Start with the given measurement: [katex]\text{5 km}[/katex]
Use the conversion factors for kilometers to meters and meters to millimeters: [katex]\text{5 km} \times \frac{10^3 \, \text{m}}{1 \, \text{km}} \times \frac{10^3 \, \text{mm}}{1 \, \text{m}}[/katex]

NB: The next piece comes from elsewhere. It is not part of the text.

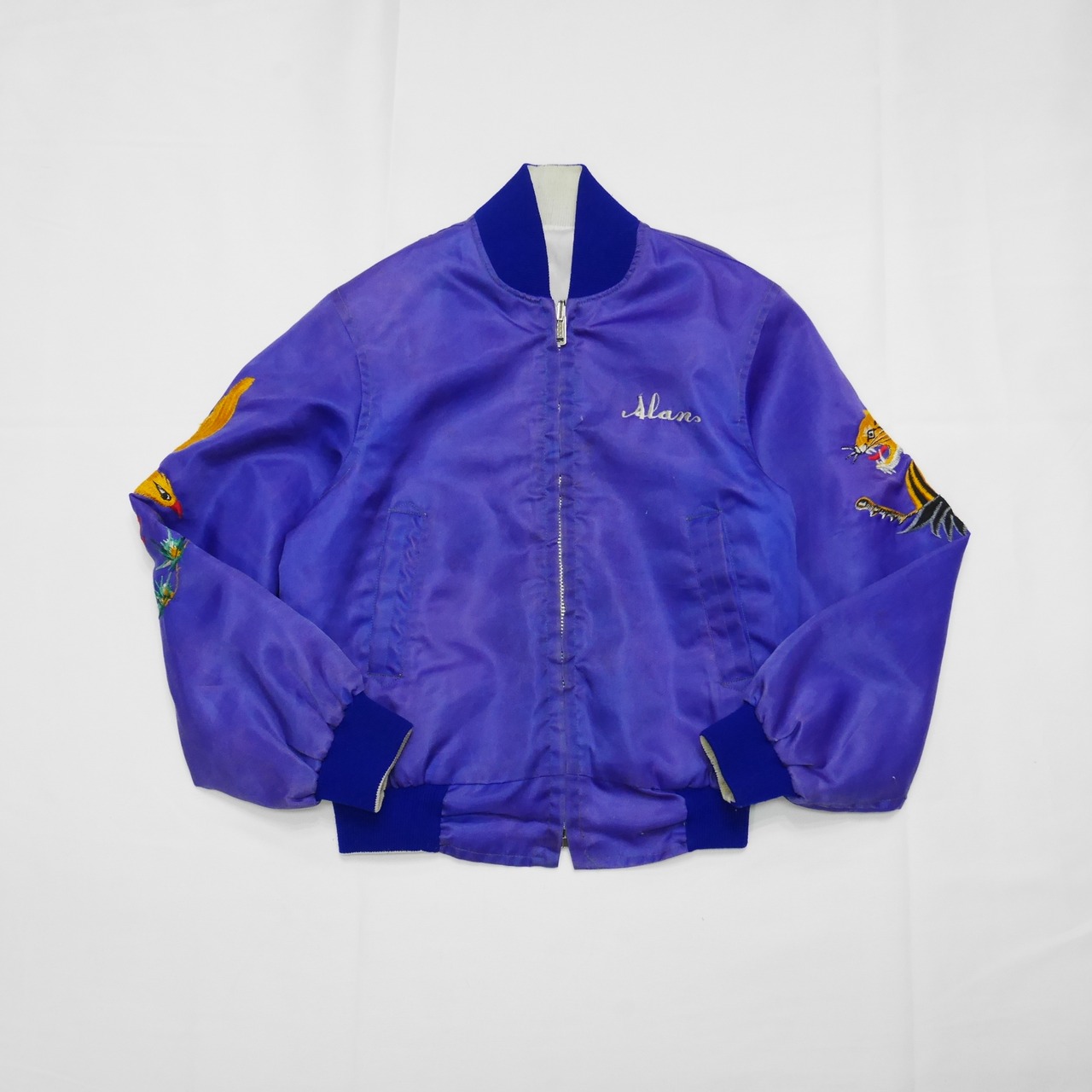 中国というより台湾のスーベニアでしょう!背中のデザインは国の形が記されたアイテムもありますがこちらは龍が二匹の刺繍。そして右肘には虎、左肘には鷲の刺繍があり、フロント胸元には「Alan」と記名入り。

Perform the multiplication: [katex]\text{5 km} \times \frac{10^3 \, \text{m}}{1 \, \text{km}} \times \frac{10^3 \, \text{mm}}{1 \, \text{m}} = 5 \times 10^3 \times 10^3 \, \text{mm}[/katex]
Simplify to get the final answer: [katex]\boxed{5 \times 10^6 \, \text{mm}}[/katex]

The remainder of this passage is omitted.